= TRY IT =
The task calls for the lines below from the line with "在EU指令前的逻辑运算结果有一个上升沿时产生一个宽度为一个扫描周期的脉冲。" to the line with "Birkenstock Papillio Tan Suede Wedge Mules", both ends included, copied exactly, without any pictures.

[[ EXTRACTED ENTRIES open ]]

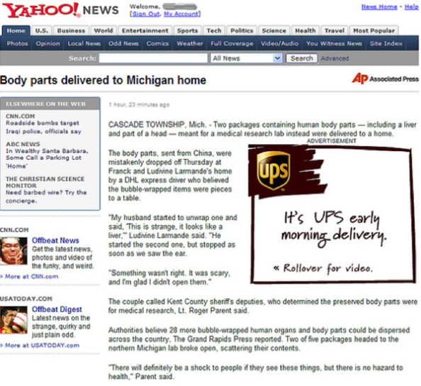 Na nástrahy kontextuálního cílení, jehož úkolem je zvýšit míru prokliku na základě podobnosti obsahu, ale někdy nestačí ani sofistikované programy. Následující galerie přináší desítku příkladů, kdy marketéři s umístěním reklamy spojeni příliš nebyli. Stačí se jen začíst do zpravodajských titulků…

[[ EXTRACTED ENTRIES closed ]]
[[ EXTRACTED ENTRIES open ]]

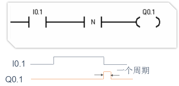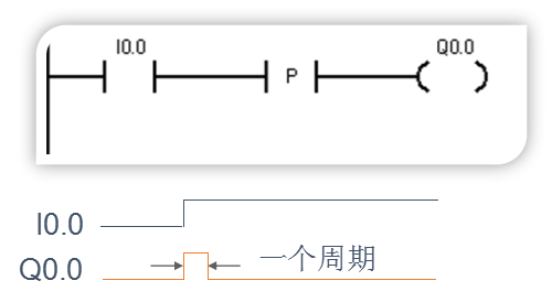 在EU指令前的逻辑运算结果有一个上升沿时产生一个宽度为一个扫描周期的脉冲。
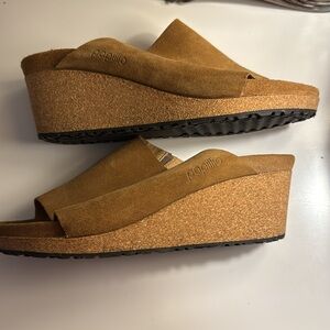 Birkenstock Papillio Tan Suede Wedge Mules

[[ EXTRACTED ENTRIES closed ]]
[[ EXTRACTED ENTRIES open ]]

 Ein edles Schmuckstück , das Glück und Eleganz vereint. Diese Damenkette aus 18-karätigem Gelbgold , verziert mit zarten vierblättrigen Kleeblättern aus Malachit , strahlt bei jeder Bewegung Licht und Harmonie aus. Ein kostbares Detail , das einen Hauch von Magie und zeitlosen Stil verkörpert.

[[ EXTRACTED ENTRIES closed ]]

= EXERCISE RESULT =
 在EU指令前的逻辑运算结果有一个上升沿时产生一个宽度为一个扫描周期的脉冲。
 Birkenstock Papillio Tan Suede Wedge Mules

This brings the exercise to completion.